2.2. Interoperation with PAP and CHAP
For PAP, the NAS takes the PAP ID and password and sends them in an
Access-Request packet as the User-Name and User-Password. The NAS MAY
include the Attributes Service-Type = Framed-User and Framed-Protocol
= PPP as a hint to the RADIUS server that PPP service is expected.
For CHAP, the NAS generates a random challenge (preferably 16 octets)
and sends it to the user, who returns a CHAP response along with a
CHAP ID and CHAP username. The NAS then sends an Access-Request
packet to the RADIUS server with the CHAP username as the User-Name
and with the CHAP ID and CHAP response as the CHAP-Password
(Attribute 3). The random challenge can either be included in the
CHAP-Challenge attribute or, if it is 16 octets long, it can be
placed in the Request Authenticator field of the Access-Request
packet. The NAS MAY include the Attributes Service-Type = Framed-
User and Framed-Protocol = PPP as a hint to the RADIUS server that
PPP service is expected.
The RADIUS server looks up a password based on the User-Name,
encrypts the challenge using MD5 on the CHAP ID octet, that password,
and the CHAP challenge (from the CHAP-Challenge attribute if present,
otherwise from the Request Authenticator), and compares that result
to the CHAP-Password.

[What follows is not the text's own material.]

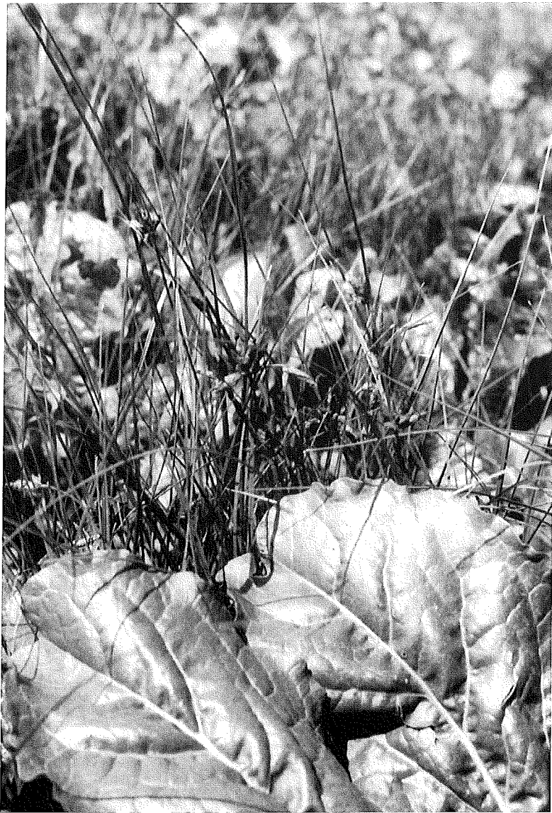
Abb.2 Massenvorkommen von Bolboschoenus maritimus in Zuckerrüben bei Schmiechen, südlich Augsburg.

Die pflanzensoziologische und ökologische Bindung von Bolboschoenus auf den Ackerstandorten in Bayern gibt Tab. 1 wieder. Die Art tritt in Mais, aber auch in Kartoffeln, Rüben und Sellerie, sowie in Winterweizen, Winter-Gerste und Hafer auf. Die Standorte sind feuchte, nährstoffreiche, basische bis schwach saure Lehm- und Tonböden mit hohem Grundwasserstand. Eine gewisse Wechselfeuchtigkeit wird getragen. Feuchte Ackersenkens besitzen häufig einen Kontakt zum Grünland, die entsprechenden Äcker sind durch Wiesenumbruch entstanden.

If they match, the server sends back an
Access-Accept, otherwise it sends back an Access-Reject.
If the RADIUS server is unable to perform the requested
authentication it should return an Access-Reject. For example, CHAP
requires that the user's password be available in cleartext to the
server so that it can encrypt the CHAP challenge and compare that to
the CHAP response. If the password is not available in cleartext to
the RADIUS server then the server MUST send an Access-Reject to the
client.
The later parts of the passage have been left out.